**Data provided:**
==============================

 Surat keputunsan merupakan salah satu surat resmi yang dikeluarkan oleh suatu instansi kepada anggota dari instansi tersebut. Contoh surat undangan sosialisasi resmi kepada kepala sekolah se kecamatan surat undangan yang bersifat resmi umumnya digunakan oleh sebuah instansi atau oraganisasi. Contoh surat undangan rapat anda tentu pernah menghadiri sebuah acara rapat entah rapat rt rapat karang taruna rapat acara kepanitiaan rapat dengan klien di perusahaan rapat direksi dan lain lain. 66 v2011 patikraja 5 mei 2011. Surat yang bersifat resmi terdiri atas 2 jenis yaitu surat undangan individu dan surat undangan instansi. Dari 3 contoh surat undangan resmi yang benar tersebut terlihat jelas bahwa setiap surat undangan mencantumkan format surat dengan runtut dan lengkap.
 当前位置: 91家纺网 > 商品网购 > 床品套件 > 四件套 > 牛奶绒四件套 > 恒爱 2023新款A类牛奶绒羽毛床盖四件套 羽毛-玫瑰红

==============================

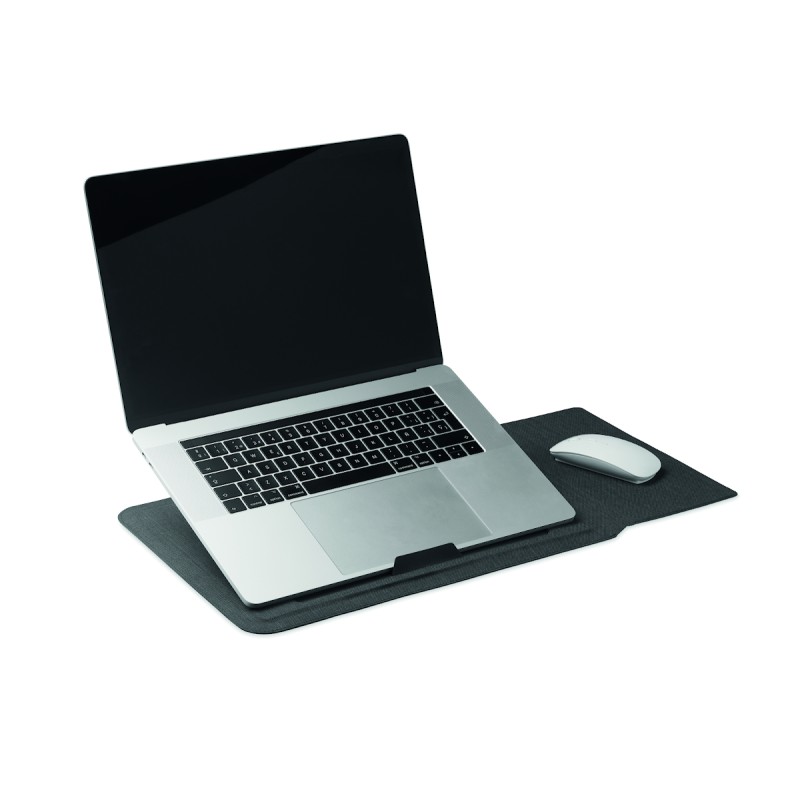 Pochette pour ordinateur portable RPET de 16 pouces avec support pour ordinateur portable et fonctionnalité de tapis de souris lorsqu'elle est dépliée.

==============================

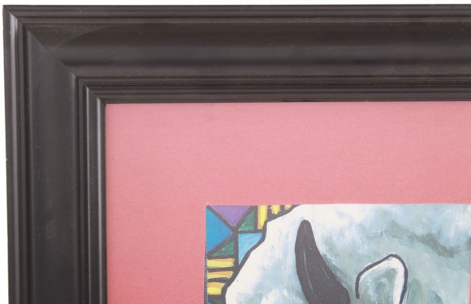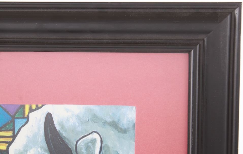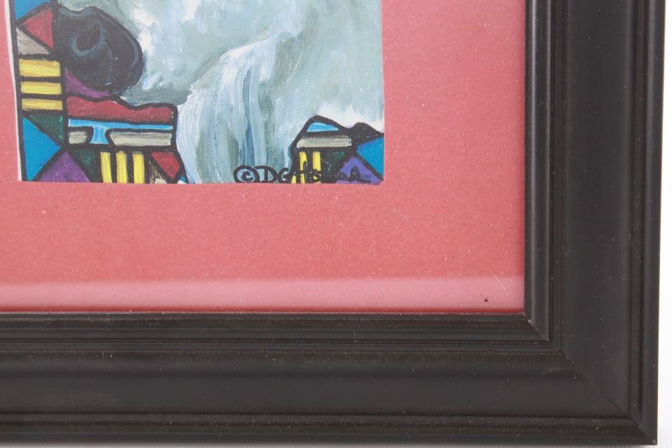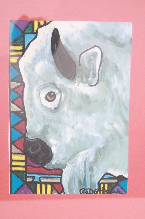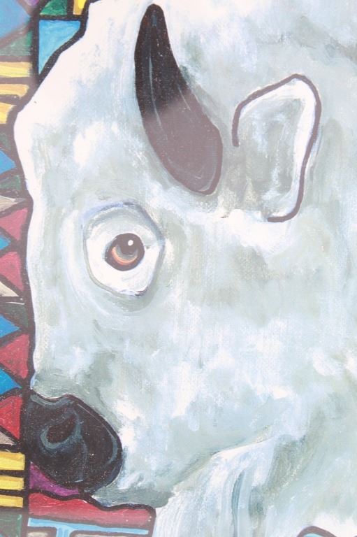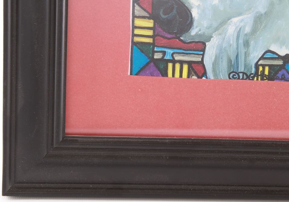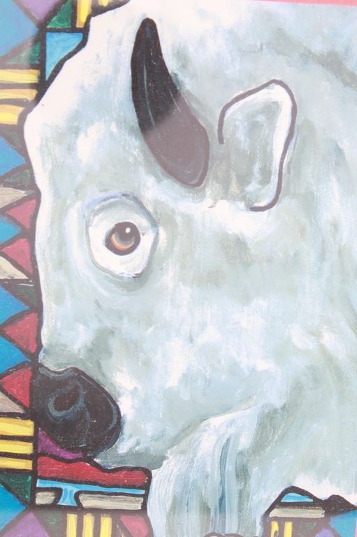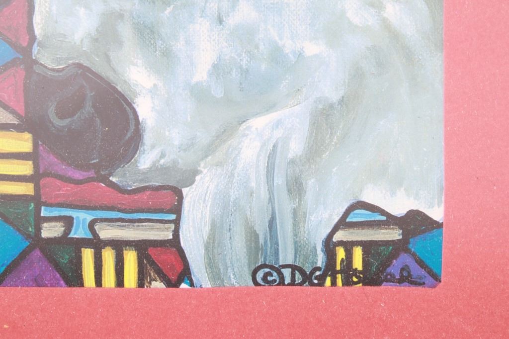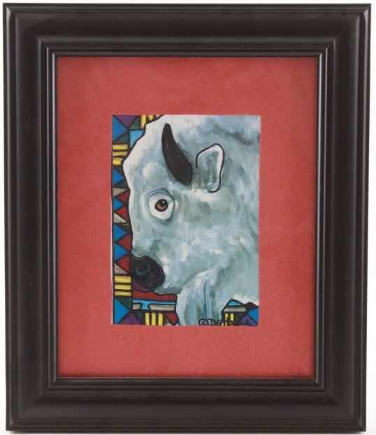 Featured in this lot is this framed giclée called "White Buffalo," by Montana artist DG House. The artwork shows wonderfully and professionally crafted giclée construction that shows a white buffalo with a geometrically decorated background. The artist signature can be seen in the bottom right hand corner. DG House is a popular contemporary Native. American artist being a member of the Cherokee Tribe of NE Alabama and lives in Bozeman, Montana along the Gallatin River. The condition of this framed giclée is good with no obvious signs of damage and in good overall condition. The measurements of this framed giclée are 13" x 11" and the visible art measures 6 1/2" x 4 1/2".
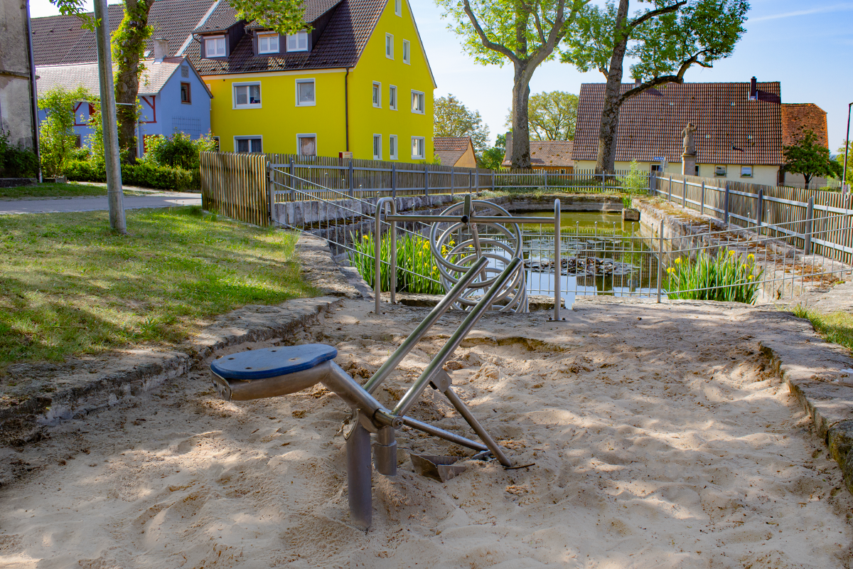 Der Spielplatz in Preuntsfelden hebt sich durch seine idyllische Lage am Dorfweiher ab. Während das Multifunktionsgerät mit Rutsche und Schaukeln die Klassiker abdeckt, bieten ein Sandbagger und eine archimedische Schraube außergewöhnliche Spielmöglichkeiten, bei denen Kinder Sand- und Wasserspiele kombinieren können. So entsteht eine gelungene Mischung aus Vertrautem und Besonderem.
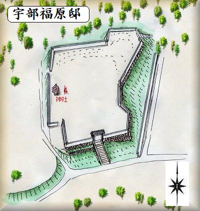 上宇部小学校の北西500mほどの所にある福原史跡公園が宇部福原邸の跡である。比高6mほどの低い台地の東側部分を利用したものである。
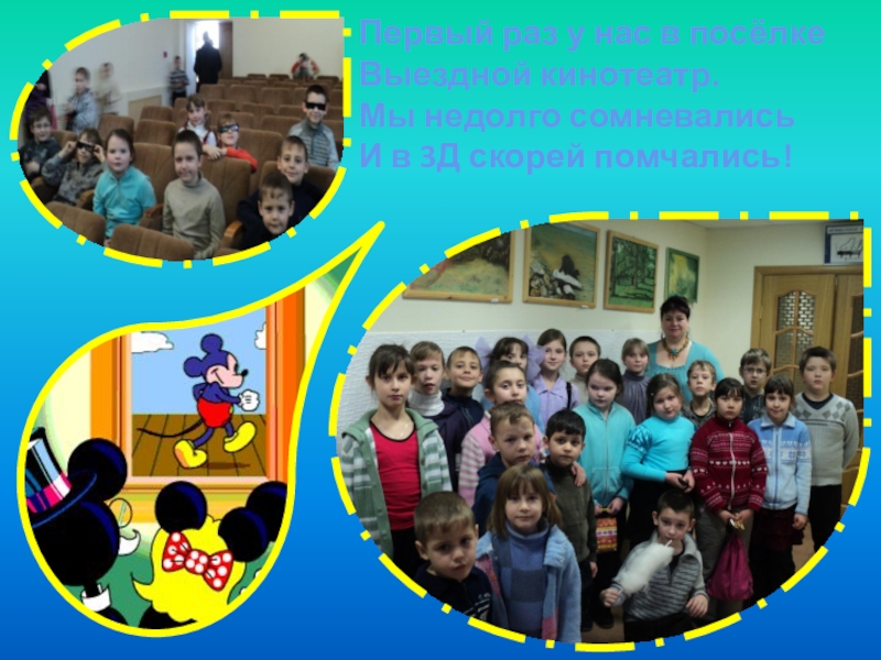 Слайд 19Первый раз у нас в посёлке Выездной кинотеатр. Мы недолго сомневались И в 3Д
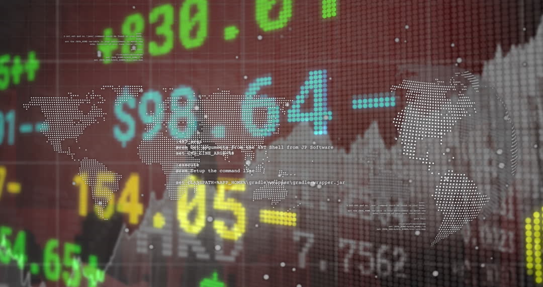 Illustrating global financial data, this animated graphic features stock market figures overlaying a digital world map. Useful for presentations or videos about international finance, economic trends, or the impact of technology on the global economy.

==============================

**Goal of the exercise:** For the entries above, print exactly the lines between the one with "上宇部小学校の北西500mほ" and the one with "Illustrating global financial", inclusive, with no pictures.

**Answer to this problem:**
 上宇部小学校の北西500mほどの所にある福原史跡公園が宇部福原邸の跡である。比高6mほどの低い台地の東側部分を利用したものである。
 Слайд 19Первый раз у нас в посёлке Выездной кинотеатр. Мы недолго сомневались И в 3Д
 Illustrating global financial data, this animated graphic features stock market figures overlaying a digital world map. Useful for presentations or videos about international finance, economic trends, or the impact of technology on the global economy.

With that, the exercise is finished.